Pictures are to be left out; otherwise, copy exactly the lines from the line containing "Bänkskivan tillverkas av" through the end of the data.

## Supplied data

● ● ●

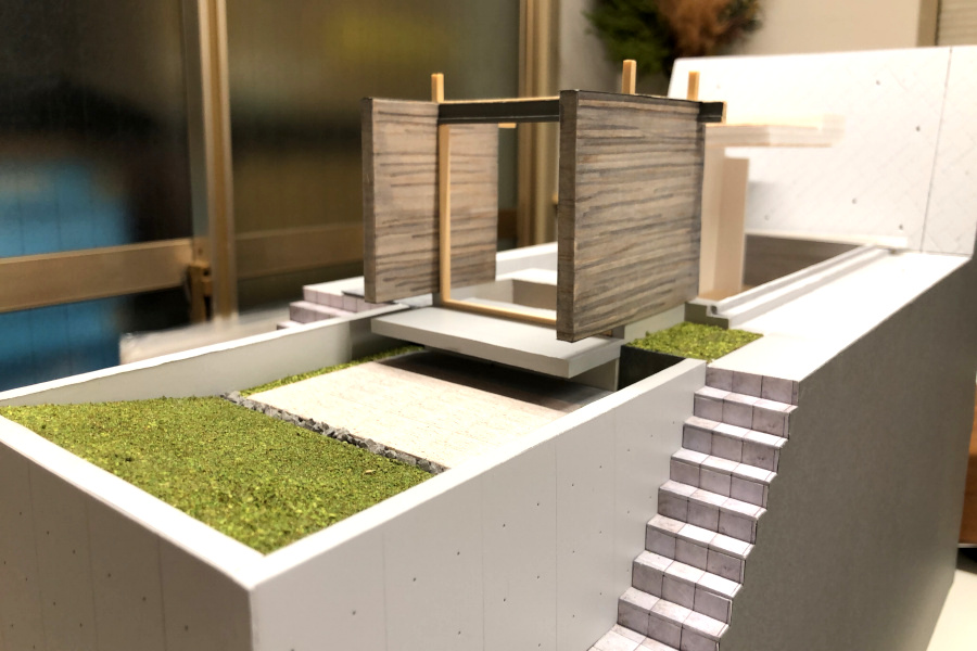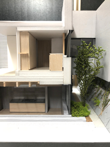 上記の写真は基本設計段階に製作した模型で、ランドスケープ(外構計画)もこの段階で検討しています。建築の空間は上下空間がズレたスキップフロアの計画なので、庭のレベルも建物より下げ、内側に傾斜した芝生をベースに多様な植栽を植える計画としています。ランドスケープも立体的にデザインすることで奥行きのある空間となります。
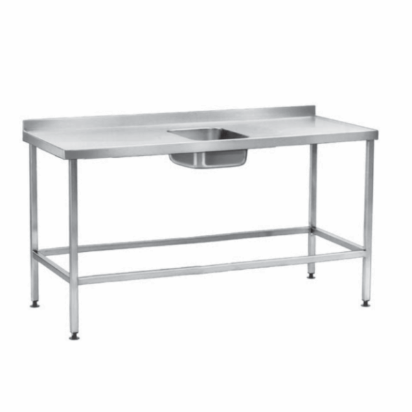 Bänkskivan tillverkas av rostfri slipad 1,2 mm plåt med 60 mm hög uppdragen bakkant och rundad 15 mm
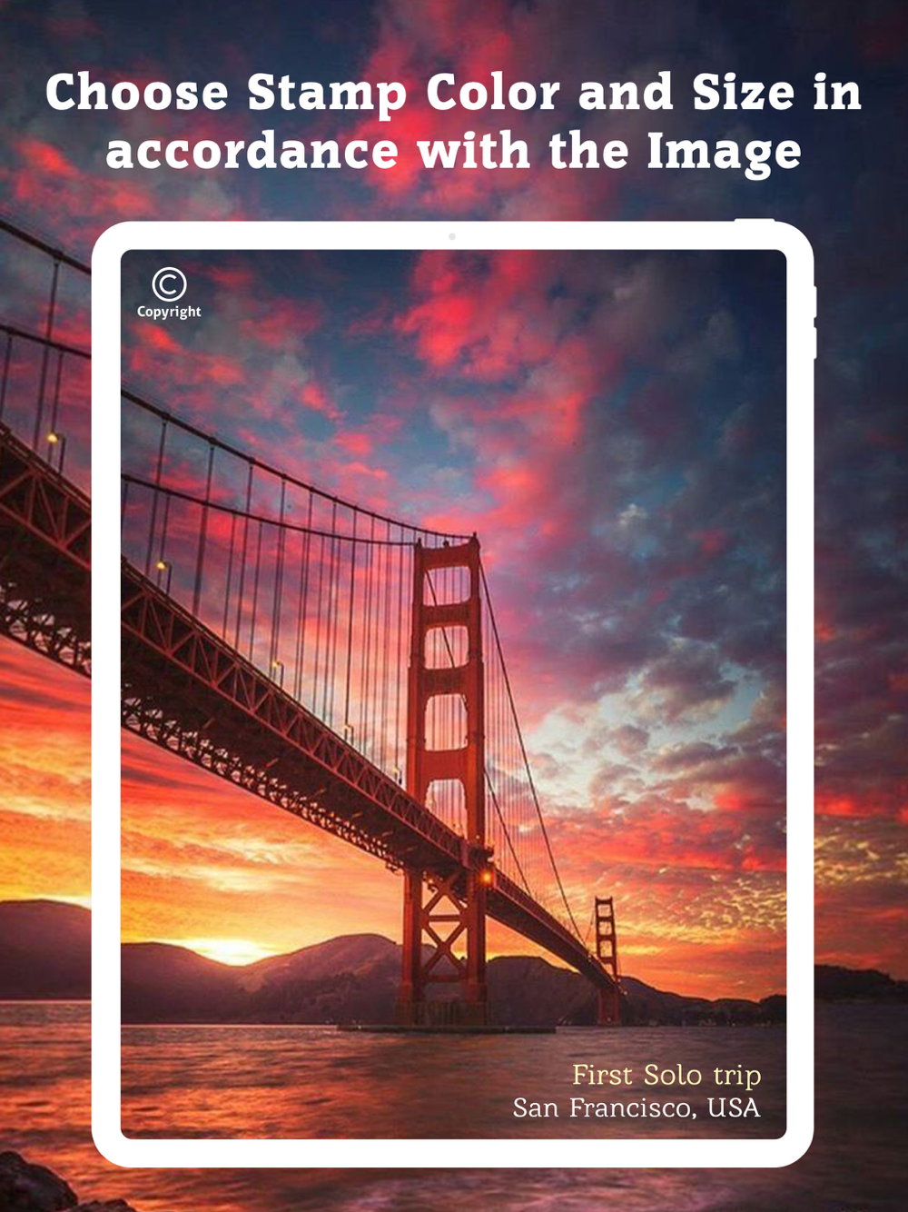 Add a copyright Logo as custom stamp on your Images securing them from any misuse.

● ● ●

## Response
 Bänkskivan tillverkas av rostfri slipad 1,2 mm plåt med 60 mm hög uppdragen bakkant och rundad 15 mm
 Add a copyright Logo as custom stamp on your Images securing them from any misuse.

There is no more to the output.